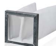
SFK replaceable filter
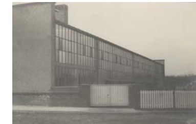
"Großes Atelierhaus" (big studio house), built in 1929
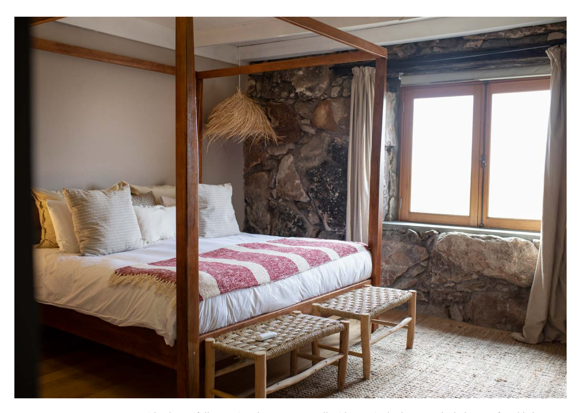
With 5 beautifully appointed guest rooms, all with en suite bathrooms, the lodge comfortably hosts up to 10 guests and is the perfect venue for small parties and families.
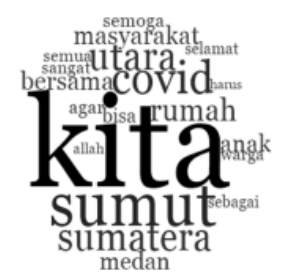
Figure 9: North Sumatra governor's attention to Covid-19 coordination and communication.

East Java is currently the region with the most Covid-19 cases after DKI Jakarta. This was predicted due to the residents' high mobility. Hence, the governor's twitter account (figure 8) serves a very important purpose. The pandemic has become a major concern among the inhabitants, as a result, there is a need to convey all relevant information including government management policies and public participation requirements. Furthermore, the words "Indonesia" and "we" are often used to imply a joint effort in saving the country and the need to comply with implemented health protocols.
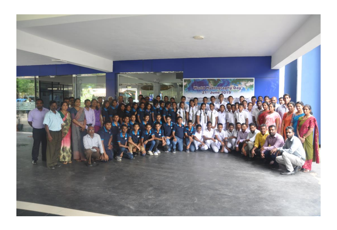
Student with NHO Staff
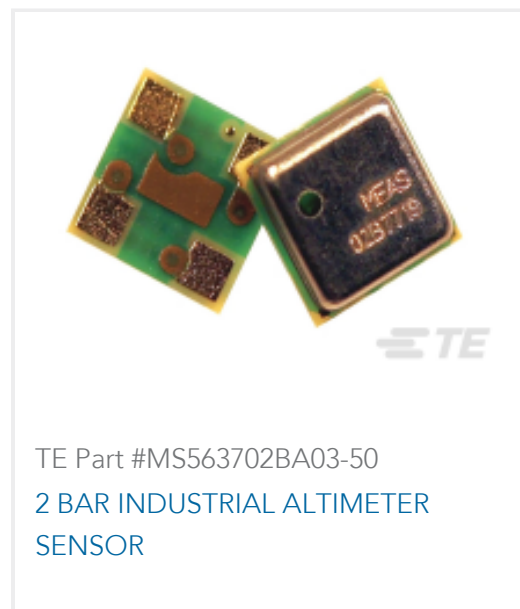
TE Part #MS563702BA03-50 2 BAR INDUSTRIAL ALTIMETER SENSOR
--------------------------------------------------
Assignment ::
Repeat the lines above exactly, beginning with the one containing "built in 1929" and finishing with the one containing "Figure 9: North". No pictures belong in the copy.

Exercise answer ::
"Großes Atelierhaus" (big studio house), built in 1929
With 5 beautifully appointed guest rooms, all with en suite bathrooms, the lodge comfortably hosts up to 10 guests and is the perfect venue for small parties and families.
Figure 9: North Sumatra governor's attention to Covid-19 coordination and communication.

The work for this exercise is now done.